Genotoxicity of 15-deoxygoyazensolide in bacteria and yeast

Sesquiterpene lactones (SLs) present a wide range of pharmacological activities. The aim of our study was to investigate the genotoxicity of 15-deoxygoyazensolide using the Salmonella/microsome assay and the yeast Saccharomyces cerevisiae. We also investigated the nature of induced DNA damage using yeast strains defective in DNA repair pathways, such as nucleotide excision repair (RAD3), error prone repair (RAD6), and recombinational repair (RAD52), and in DNA metabolism, such as topoisomerase mutants. 15-deoxygoyasenzolide was not mutagenic in Salmonella typhimurium, but it was mutagenic in S. cerevisiae. The hypersensitivity of the rad52 mutant suggests that recombinational repair is critical for processing lesions resulting from 15-deoxygoyazensolide-induced DNA damage, whereas excision repair and mutagenic systems does not appear to be primarily involved.
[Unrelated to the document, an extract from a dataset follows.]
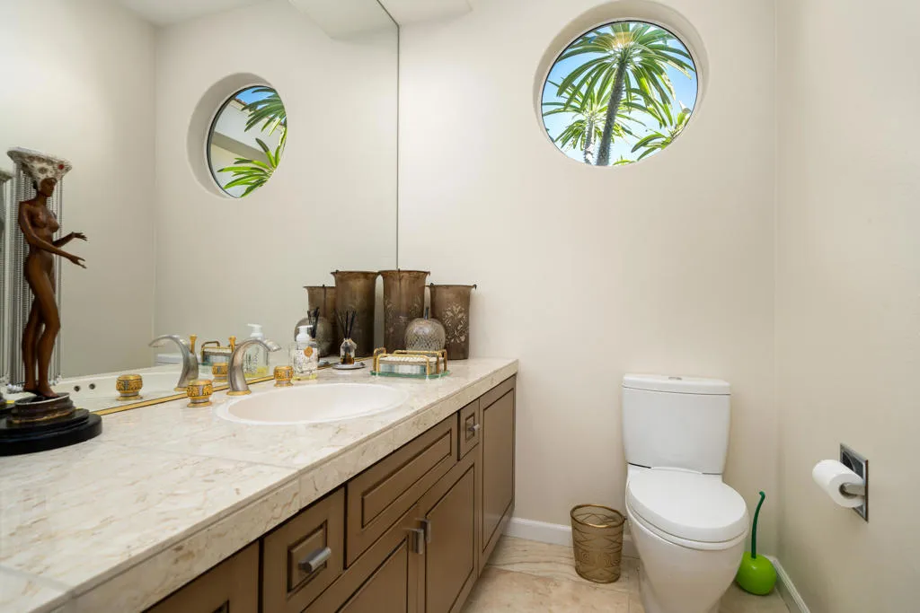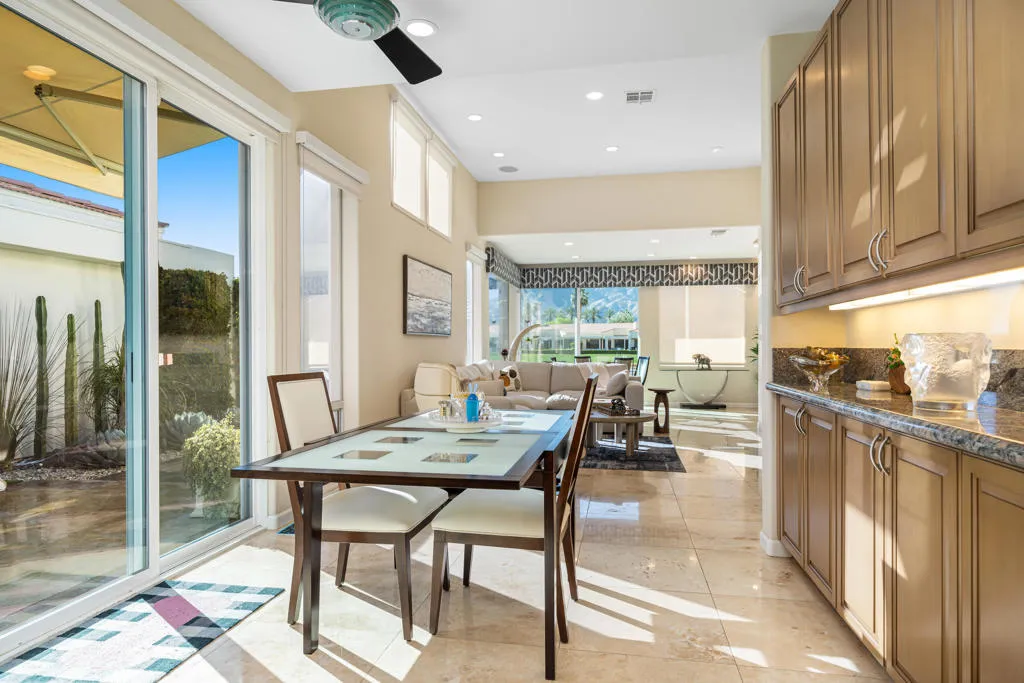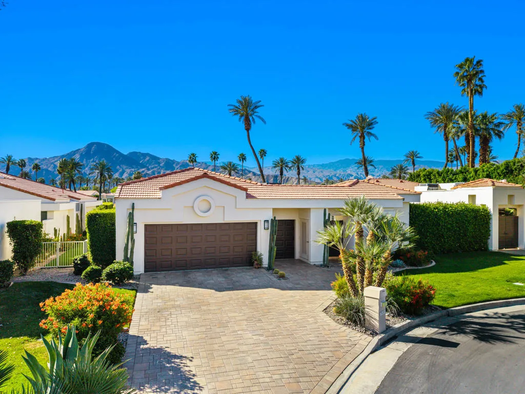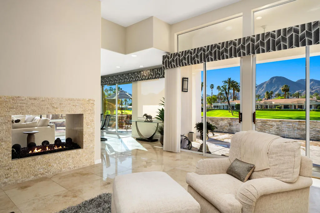 Positioned on one of the premier South-facing interior lots, this exceptional residence captures sweeping, unobstructed views of the 17th fairway, tranquil lake, and dramatic Mountain backdrop. Perfectly situated near the end of a quiet cul-de-sac, the home enjoys an elevated vantage point that maximizes sunlight and showcases the shimmering water, lush green, and surrounding landscape--arguably one of the finest view locations in the community.This beautifully remodeled Hazeltine Floorplan offers approximately 3,400 square feet of refined living space, including 4 bedrooms and 4.5 baths, with a private freestanding casita. Designed to embrace its stunning setting, the expansive rear patio is an features a soothing custom water feature across the back patio and ideal orientation for enjoying breathtaking desert sunsets over the fairway and mountains. Inside, the home has been thoughtfully upgraded with travertine flooring, granite countertops, custom cabinetry, and updated lighting throughout, complemented by tasteful designer furnishings. The spacious kitchen opens seamlessly to the living areas, all oriented to capture the spectacular views beyond. The Primary Suite is a private retreat, separate his-and-hers bath areas. Guests are comfortably accommodated in the main home and detached casita, offering both privacy and flexibility.Located just steps from the Community Pool and Spa, this home combines luxury, comfort, and an unmatched view setting--truly a rare opportunity in Desert Horizons.

Top 1 defective yeast strain was highly sensitive to the cytotoxic activity of 15-deoxygoyazensolide, suggesting a possible involvement of this enzyme in the reversion of the putative complex formation between DNA and this SL, possibly due to intercalation. Moreover, the treatment with this lactone caused dose-dependent glutathione depletion, generating pro-oxidant status which facilitates oxidative DNA damage, particularly DNA breaks repaired by the recombinational system ruled by RAD52 in yeast. Consistent with this finding, the absence of Top1 directly affects chromatin remodeling, allowing repair factors to access oxidative damage, which explains the high sensitivity to top1 strain. In summary, the present study shows that 15-deoxygoyazensolide is mutagenic in yeast due to the possible intercalation effect, in addition to the pro-oxidant status that exacerbates oxidative DNA damage.